HIGHLIGHTS – Fourth Quarter 2007

Revenues

  • Software and software related service revenues for the 2007 fourth quarter were €2.47 billion (2006: €2.19 billion), which is an increase of 13% (17% at constant currencies2) compared to the same period of 2006.
  • Software revenues for the fourth quarter of 2007 were €1.42 billion (2006: €1.24 billion), representing an increase of 14% (18% at constant currencies2) compared to the fourth quarter of 2006.
  • Total revenues were €3.24 billion for the 2007 fourth quarter (2006: €2.95 billion), which represented an increase of 10% (14% at constant currencies2) compared to the same period of 2006.

Income

  • Operating income for the 2007 fourth quarter was €1.11 billion (2006: €1.09 billion), which was an increase of 2% compared to the fourth quarter of 2006.
  • The operating margin for the fourth quarter of 2007 was 34.3% compared to 36.9% for the same period last year. The 2007 fourth quarter operating margin was impacted by investments of approximately €40 million to build a business around the new SAP Business ByDesign solution to address new untapped segments in the midmarket as announced by the Company at the beginning of 2007.
  • Income from continuing operations for the 2007 fourth quarter was €758 million (2006: €808 million), representing a decrease of 6% compared to the same period of 2006.
  • Earnings per share from continuing operations for the fourth quarter of 2007 was €0.63 (2006: €0.66).

Cash Flow
Operating cash flow from continuing operations for 2007 was €1.99 billion (2006: €1.86 billion). Free cash flow2 for 2007 was €1.58 billion (2006: €1.49 billion), which was 15% of total revenues (2006: 16%). At December 31, 2007, the Company had €2.8 billion in cash and cash equivalents, including restricted cash, and short term investments (December 31, 2006: €3.3 billion).

Share Buyback
In the fourth quarter of 2007, the Company bought back 6.9 million shares at an average price of €36.25 (total amount: €249 million). As of December 31, 2007, the Company held treasury stock in the amount of 48.1 million shares (approximately 3.9% of total shares outstanding) at an average price of €36.07. For the full year 2007, the company invested €1 billion buying back approximately 27.3 million shares (2.19% of the total shares outstanding) at an average price of €36.85. For 2008, the Company expects to invest approximately €500 million buying back shares.

BUSINESS OUTLOOK

The Company provided the following outlook for the full-year 2008:

  • The Company expects full-year 2008 Non-GAAP software and software related service revenue, which excludes a non-recurring deferred support revenue write-down from the acquisition of Business Objects of approximately €180 million, to increase in a range of 24% – 27% at constant currencies2 (2007: €7.428 billion). SAP’s business, excluding the contribution from Business Objects, is expected to contribute 12 – 14 percentage points to this growth.
  • The Company expects the full-year 2008 Non-GAAP operating margin at constant currencies2, which excludes a non-recurring deferred support revenue write-down from the acquisition of Business Objects and acquisition related charges, to be in the range of 27.5% – 28.0% (2007 Non-GAAP operating margin: 27.3%).
    The 2008 Non-GAAP operating margin outlook includes accelerated investments of €175 to €225 million (2007: €125 million) in order to build a business around the new SAP Business ByDesign solution to address new, untapped segments in the midmarket.
  • The Company is projecting an effective tax rate of 31.0% to 31.5% (based on U.S. GAAP income from continuing operations) for 2008.

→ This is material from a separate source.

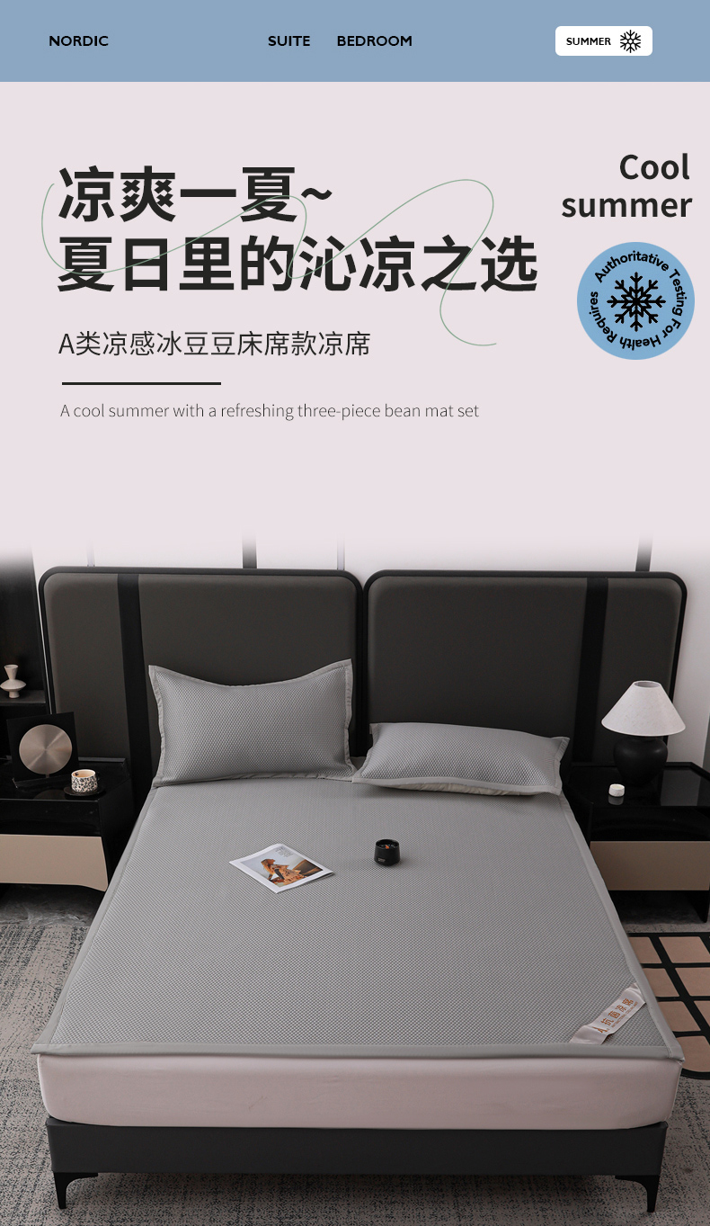 当前位置: 91家纺网 > 商品网购 > 床上用品 > 凉席 > 其他凉席 > 富馨莱 2026新款PE乙纶高克重冰豆豆席凉感凉席单件平铺款学生宿舍支持一件定制尺寸 冰灰色

KEY EVENTS – Fourth Quarter 2007

  • In the fourth quarter of 2007, SAP announced major contracts in several key regions: Biomerieux SA, Intersport France, MGI METRO Group Information Technology GmbH, Münchener Hypothekenbank eG, Nationwide Building Society, Saudi Arabian Airlines, and Telekomunikacja Polska S.A. in the EMEA; Foundation Coal, GCC Cemento , S.A. de C.V., GT Solar, Magnesita S.A., Sara Lee Corporation, Tyco Electronics and U. S. Navy in the Americas; China Tobacco Guangdong Industrial, HCL Technologies Ltd, MediaCorp Pte Ltd., Ministry of Finance, New Zealand, Sharp Corporation, Sysmex Corporation, United India Insurance Company Ltd, and Woolworths Limited in Asia Pacific Japan.
  • In the fourth quarter of 2007, three Global Enterprise Agreements (GEAs) were signed, including Lockheed Martin and Nestlé, all of them operating at the most strategic levels with SAP. For Lockheed Martin, SAP has been a strategic software partner since 1997. Lockheed Martin has deployed significant portions of SAP® ERP and is now engaged in several implementations to further leverage and optimize SAP software across the corporation. By signing a GEA, Nestlé, the world’s largest food and beverage company, and SAP have decided to extend their successful collaboration. The GEA with Nestlé, which replaces an earlier subscription agreement between Nestlé and SAP, enables Nestlé to make use of SAP’s current and future solutions to accompany its business strategy and will continue to leverage the SAP® NetWeaver technology platform to support their core business areas.
  • On December 4, 2007, SAP introduced the next evolution of SAP® Customer Relationship Management (SAP CRM), an important application in SAP® Business Suite. With an eye toward empowering the growing business user market, this breakthrough new product was co-innovated with leading customers and partners, and is designed to be simple and powerful to solve real business problems.
  • Continuing its focus on providing banks the flexibility they need to integrate, migrate and update application functionality based on an integrated platform, SAP announced on November 14, 2007, an alliance with Computer Sciences Corporation (CSC). The alliance will address the growing need for banks to differentiate themselves through strategically optimized product pricing.
  • SAP announced on October 17, 2007, the intent to acquire YASU Technologies, a privately held vendor of business rules management systems. SAP will embed YASU Technologies solutions into its market-leading technology platform, SAP NetWeaver®, to provide the business rules infrastructure that allows companies to move their strategies forward and better maintain compliance while saving time, resources and money.
  • On October 7, 2007, SAP and Business Objects S.A. announced that the companies have reached an agreement for SAP to acquire Business Objects in a friendly takeover.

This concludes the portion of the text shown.